Problem to work on:
Using the entries below, write out the line with "Aus dem Bestelllisting", the line with "Fire Emblem Engage에서", and every line in between, exactly as each is written.

Dataset entries:

--------

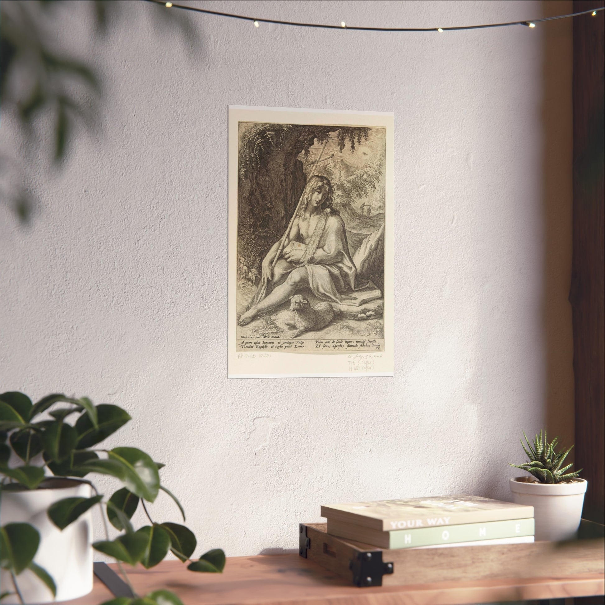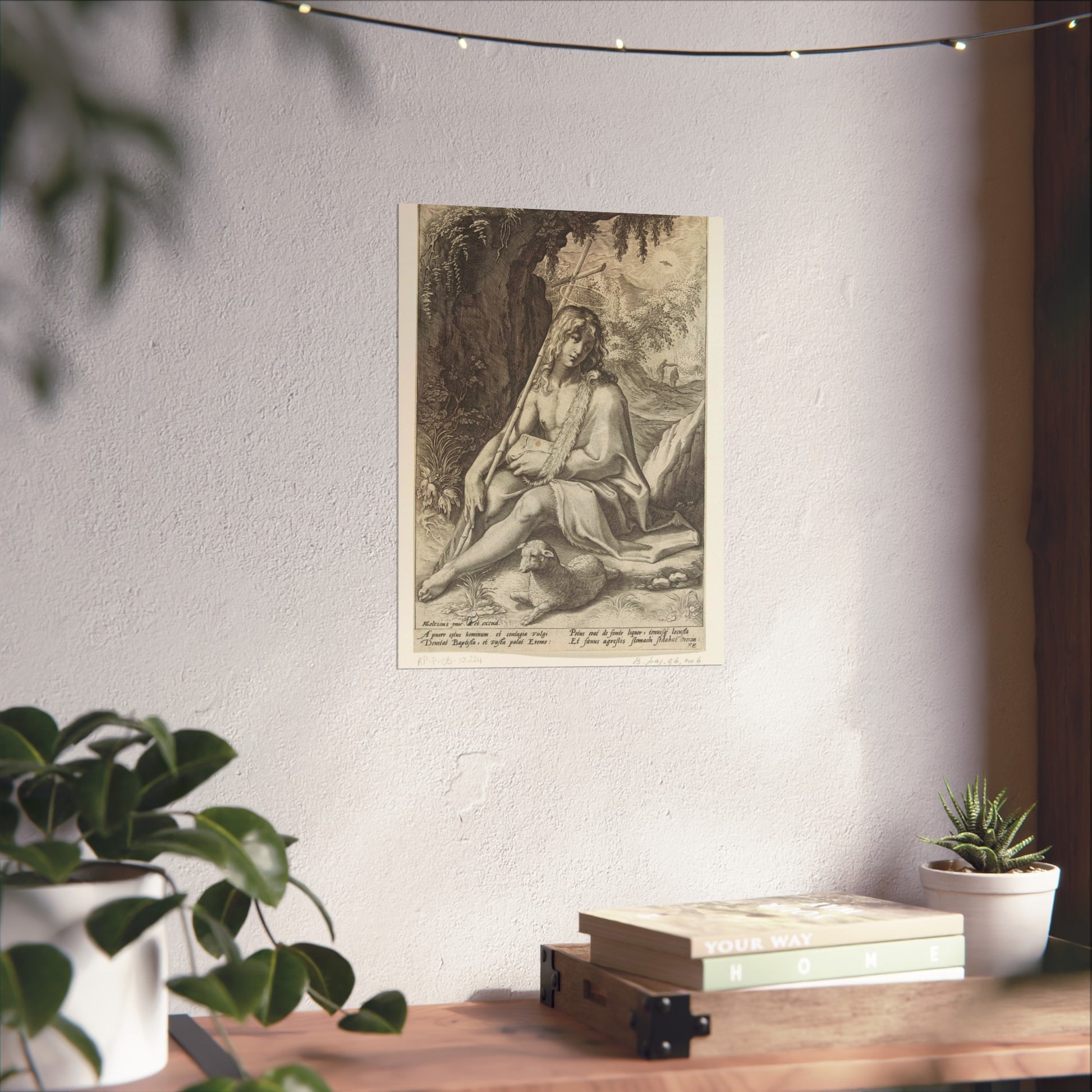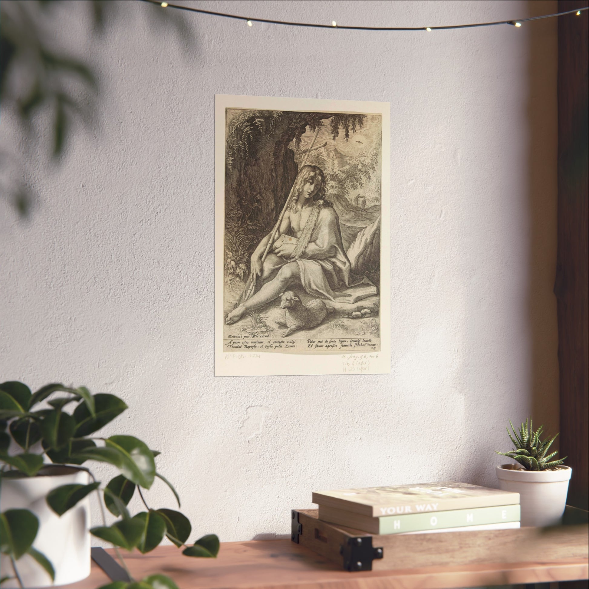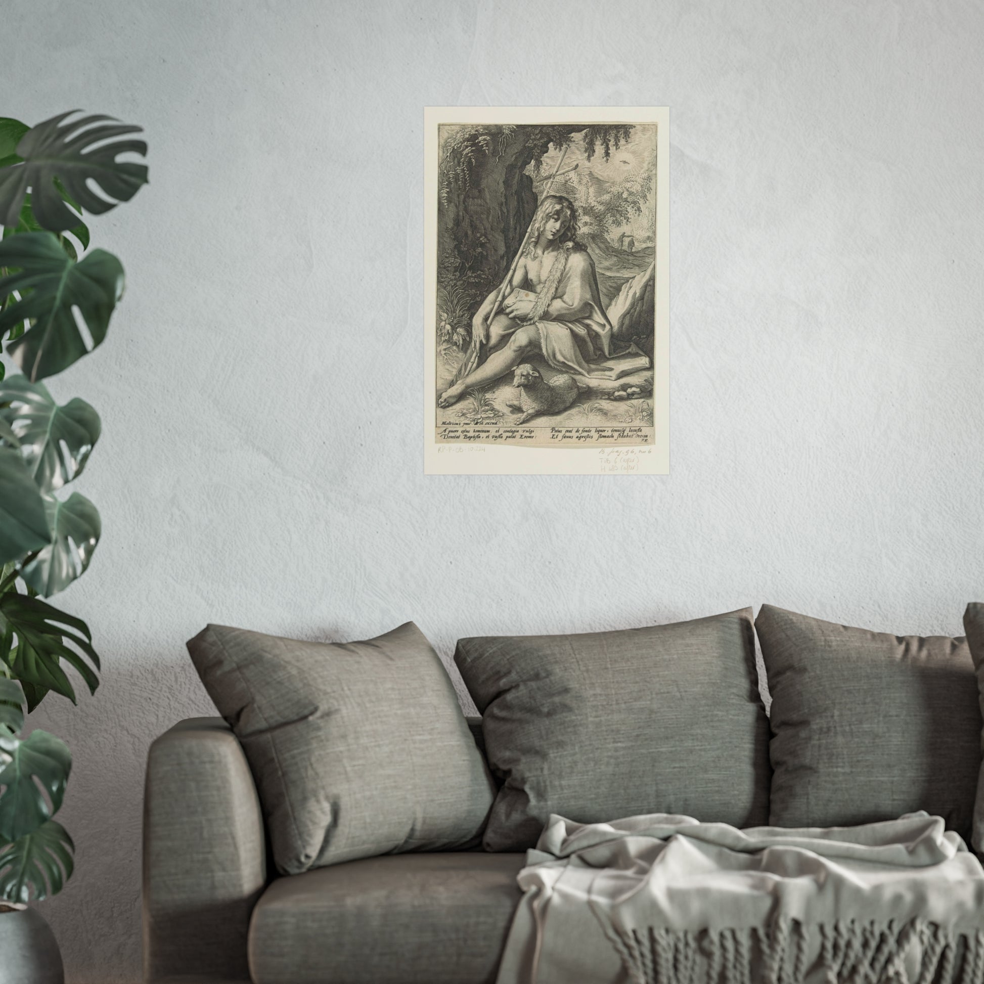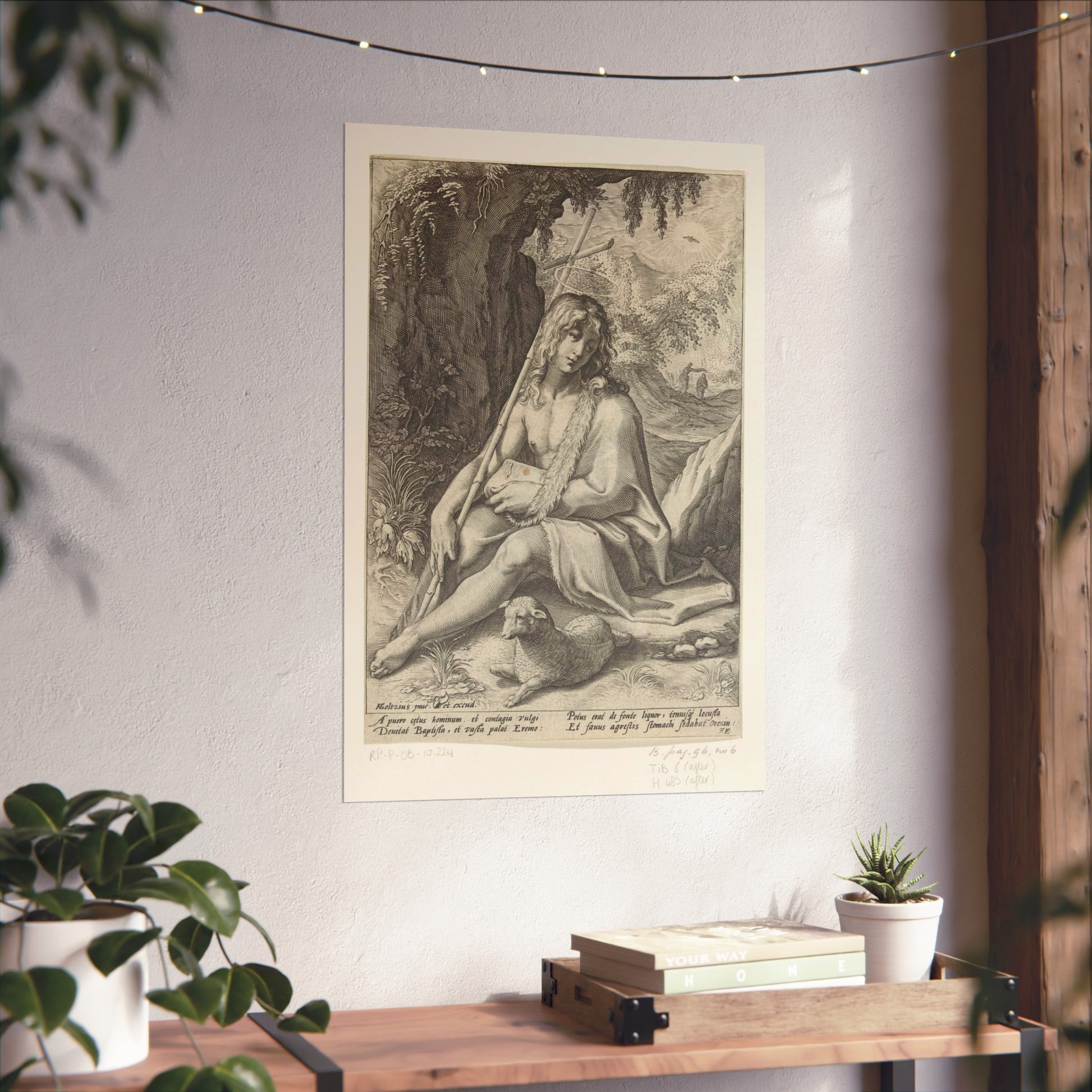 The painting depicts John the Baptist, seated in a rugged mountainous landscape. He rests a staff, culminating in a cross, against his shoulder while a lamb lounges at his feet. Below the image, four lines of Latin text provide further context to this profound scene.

--------

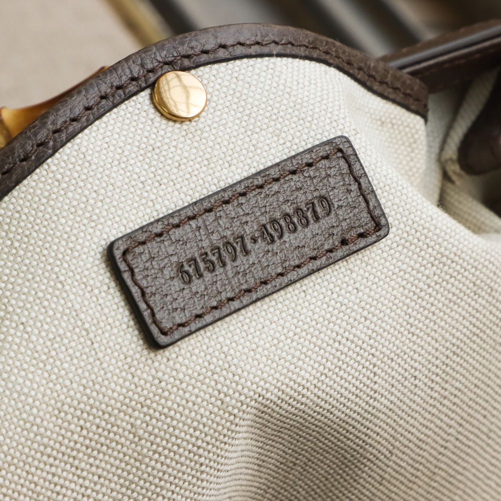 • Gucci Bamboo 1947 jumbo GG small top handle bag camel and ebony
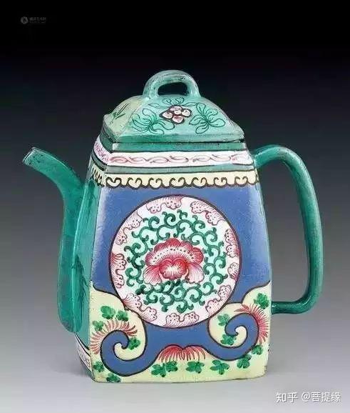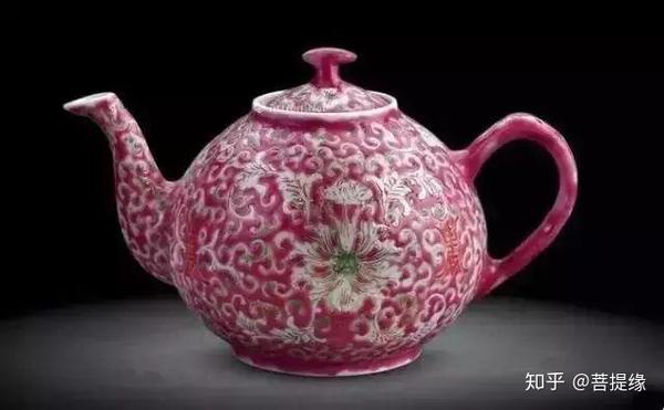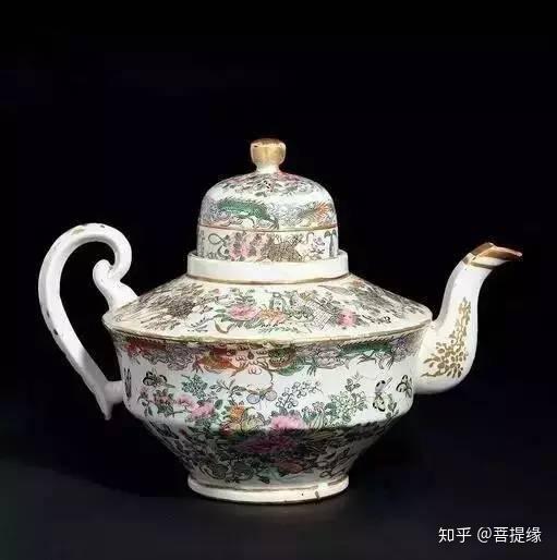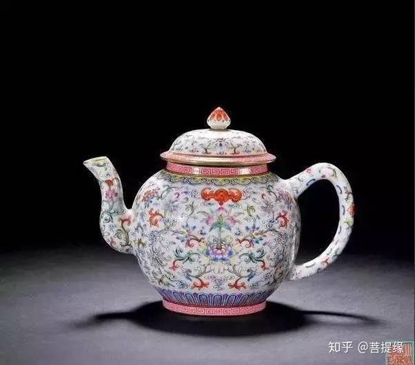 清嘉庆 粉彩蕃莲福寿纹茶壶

--------

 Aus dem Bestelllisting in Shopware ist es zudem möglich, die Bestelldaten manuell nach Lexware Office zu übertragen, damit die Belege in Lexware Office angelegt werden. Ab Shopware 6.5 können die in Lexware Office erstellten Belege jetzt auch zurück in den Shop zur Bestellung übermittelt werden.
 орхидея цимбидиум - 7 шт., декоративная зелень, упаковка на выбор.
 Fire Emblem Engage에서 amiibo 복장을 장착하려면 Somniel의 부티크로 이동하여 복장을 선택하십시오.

--------

Output:
 Aus dem Bestelllisting in Shopware ist es zudem möglich, die Bestelldaten manuell nach Lexware Office zu übertragen, damit die Belege in Lexware Office angelegt werden. Ab Shopware 6.5 können die in Lexware Office erstellten Belege jetzt auch zurück in den Shop zur Bestellung übermittelt werden.
 орхидея цимбидиум - 7 шт., декоративная зелень, упаковка на выбор.
 Fire Emblem Engage에서 amiibo 복장을 장착하려면 Somniel의 부티크로 이동하여 복장을 선택하십시오.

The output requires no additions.